Beginning with the first entry, restate the data word for word and leave out the images.

Material supplied Start Marker

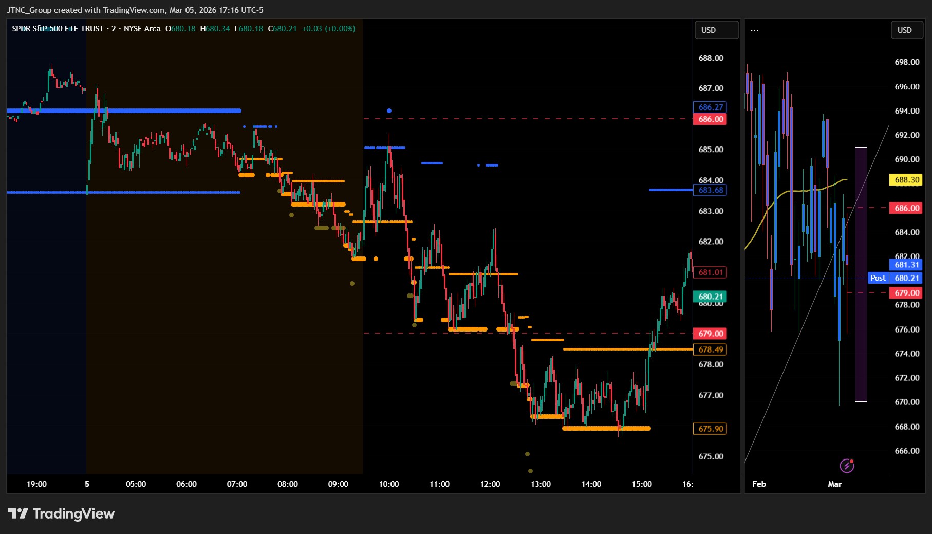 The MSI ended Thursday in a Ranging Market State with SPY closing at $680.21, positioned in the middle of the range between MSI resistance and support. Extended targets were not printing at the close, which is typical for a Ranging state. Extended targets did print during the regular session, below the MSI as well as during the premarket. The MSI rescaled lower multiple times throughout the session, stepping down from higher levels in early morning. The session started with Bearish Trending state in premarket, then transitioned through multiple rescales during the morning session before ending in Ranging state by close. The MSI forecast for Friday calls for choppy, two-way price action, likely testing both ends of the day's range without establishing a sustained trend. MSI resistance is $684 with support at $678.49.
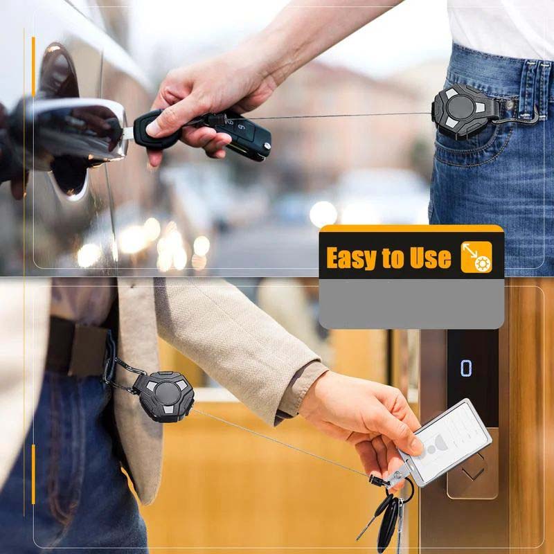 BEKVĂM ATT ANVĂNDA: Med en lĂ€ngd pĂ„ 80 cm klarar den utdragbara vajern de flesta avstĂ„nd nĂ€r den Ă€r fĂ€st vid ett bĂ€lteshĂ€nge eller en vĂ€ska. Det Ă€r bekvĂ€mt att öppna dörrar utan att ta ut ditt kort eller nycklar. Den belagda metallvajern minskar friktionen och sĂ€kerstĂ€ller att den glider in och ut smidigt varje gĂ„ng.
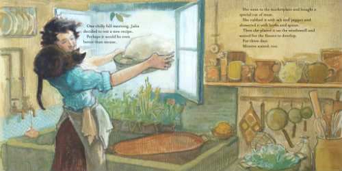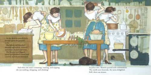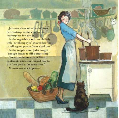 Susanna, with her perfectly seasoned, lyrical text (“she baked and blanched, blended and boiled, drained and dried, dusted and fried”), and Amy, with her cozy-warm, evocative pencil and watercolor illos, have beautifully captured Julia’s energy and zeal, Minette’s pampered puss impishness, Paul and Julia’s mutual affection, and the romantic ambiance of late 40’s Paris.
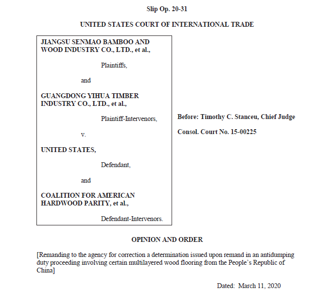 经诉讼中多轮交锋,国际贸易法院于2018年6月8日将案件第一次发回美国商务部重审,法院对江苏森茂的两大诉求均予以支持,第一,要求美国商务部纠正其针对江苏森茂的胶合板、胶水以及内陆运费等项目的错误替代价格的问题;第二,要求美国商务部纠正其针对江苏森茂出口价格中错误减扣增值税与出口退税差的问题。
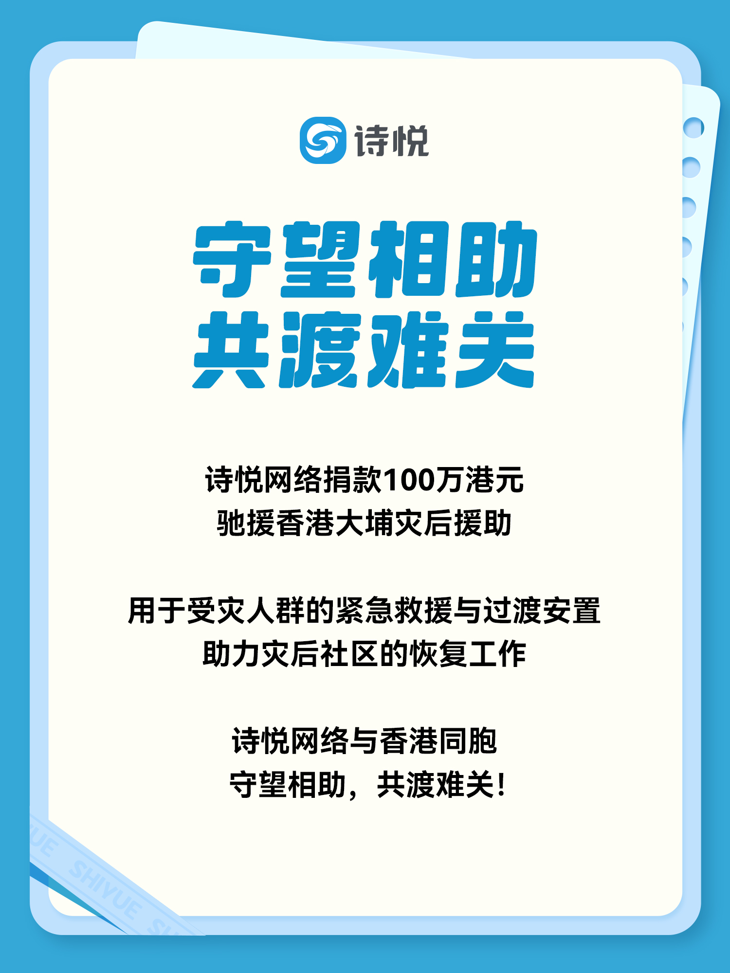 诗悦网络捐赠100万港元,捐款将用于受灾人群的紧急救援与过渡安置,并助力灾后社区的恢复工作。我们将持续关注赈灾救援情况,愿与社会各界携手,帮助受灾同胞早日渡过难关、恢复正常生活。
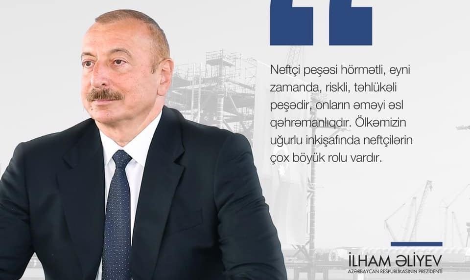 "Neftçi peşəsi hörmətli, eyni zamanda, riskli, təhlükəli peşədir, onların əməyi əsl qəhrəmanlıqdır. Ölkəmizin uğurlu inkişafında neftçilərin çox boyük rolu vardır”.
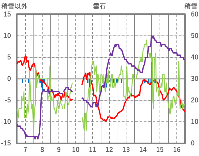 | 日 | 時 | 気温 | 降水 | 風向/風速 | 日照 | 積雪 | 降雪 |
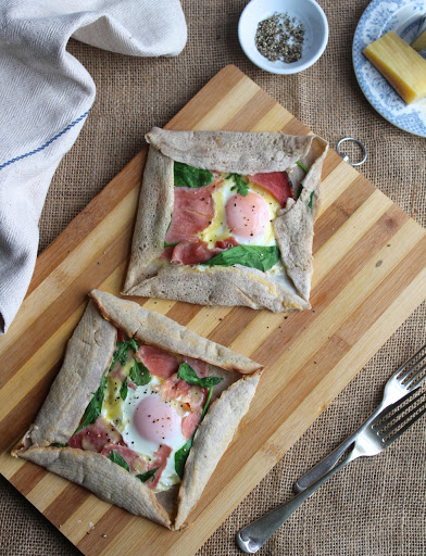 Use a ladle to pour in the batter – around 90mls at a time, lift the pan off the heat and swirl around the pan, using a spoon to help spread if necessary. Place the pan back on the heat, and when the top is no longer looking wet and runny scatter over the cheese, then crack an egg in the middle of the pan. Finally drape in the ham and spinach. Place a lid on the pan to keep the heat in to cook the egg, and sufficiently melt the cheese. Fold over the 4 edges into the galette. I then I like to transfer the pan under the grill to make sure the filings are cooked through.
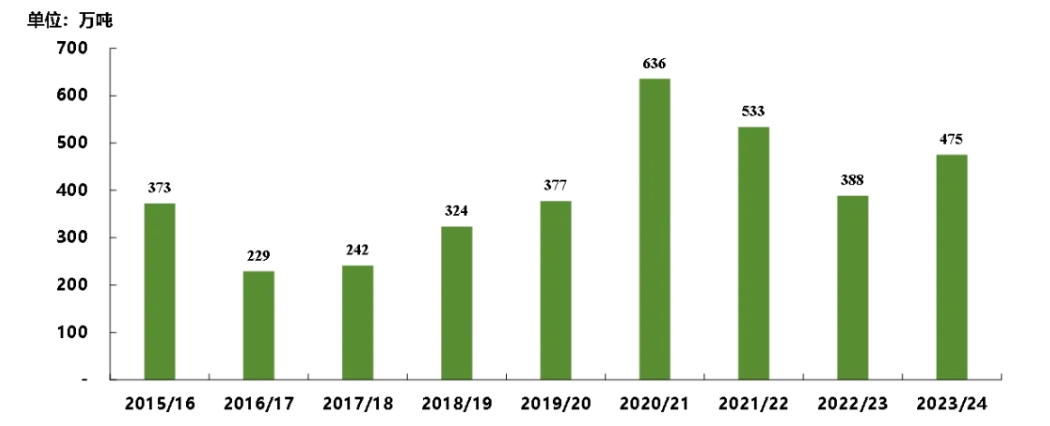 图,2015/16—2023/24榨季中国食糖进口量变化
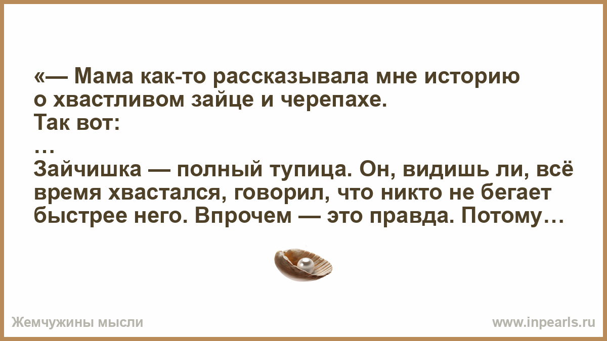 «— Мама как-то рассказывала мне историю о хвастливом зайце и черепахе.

Material supplied End Marker

* **Output of the task**:
 The MSI ended Thursday in a Ranging Market State with SPY closing at $680.21, positioned in the middle of the range between MSI resistance and support. Extended targets were not printing at the close, which is typical for a Ranging state. Extended targets did print during the regular session, below the MSI as well as during the premarket. The MSI rescaled lower multiple times throughout the session, stepping down from higher levels in early morning. The session started with Bearish Trending state in premarket, then transitioned through multiple rescales during the morning session before ending in Ranging state by close. The MSI forecast for Friday calls for choppy, two-way price action, likely testing both ends of the day's range without establishing a sustained trend. MSI resistance is $684 with support at $678.49.
 BEKVĂM ATT ANVĂNDA: Med en lĂ€ngd pĂ„ 80 cm klarar den utdragbara vajern de flesta avstĂ„nd nĂ€r den Ă€r fĂ€st vid ett bĂ€lteshĂ€nge eller en vĂ€ska. Det Ă€r bekvĂ€mt att öppna dörrar utan att ta ut ditt kort eller nycklar. Den belagda metallvajern minskar friktionen och sĂ€kerstĂ€ller att den glider in och ut smidigt varje gĂ„ng.
 Susanna, with her perfectly seasoned, lyrical text (“she baked and blanched, blended and boiled, drained and dried, dusted and fried”), and Amy, with her cozy-warm, evocative pencil and watercolor illos, have beautifully captured Julia’s energy and zeal, Minette’s pampered puss impishness, Paul and Julia’s mutual affection, and the romantic ambiance of late 40’s Paris.
 经诉讼中多轮交锋,国际贸易法院于2018年6月8日将案件第一次发回美国商务部重审,法院对江苏森茂的两大诉求均予以支持,第一,要求美国商务部纠正其针对江苏森茂的胶合板、胶水以及内陆运费等项目的错误替代价格的问题;第二,要求美国商务部纠正其针对江苏森茂出口价格中错误减扣增值税与出口退税差的问题。
 诗悦网络捐赠100万港元,捐款将用于受灾人群的紧急救援与过渡安置,并助力灾后社区的恢复工作。我们将持续关注赈灾救援情况,愿与社会各界携手,帮助受灾同胞早日渡过难关、恢复正常生活。
 "Neftçi peşəsi hörmətli, eyni zamanda, riskli, təhlükəli peşədir, onların əməyi əsl qəhrəmanlıqdır. Ölkəmizin uğurlu inkişafında neftçilərin çox boyük rolu vardır”.
 | 日 | 時 | 気温 | 降水 | 風向/風速 | 日照 | 積雪 | 降雪 |
 Use a ladle to pour in the batter – around 90mls at a time, lift the pan off the heat and swirl around the pan, using a spoon to help spread if necessary. Place the pan back on the heat, and when the top is no longer looking wet and runny scatter over the cheese, then crack an egg in the middle of the pan. Finally drape in the ham and spinach. Place a lid on the pan to keep the heat in to cook the egg, and sufficiently melt the cheese. Fold over the 4 edges into the galette. I then I like to transfer the pan under the grill to make sure the filings are cooked through.
 图,2015/16—2023/24榨季中国食糖进口量变化
 «— Мама как-то рассказывала мне историю о хвастливом зайце и черепахе.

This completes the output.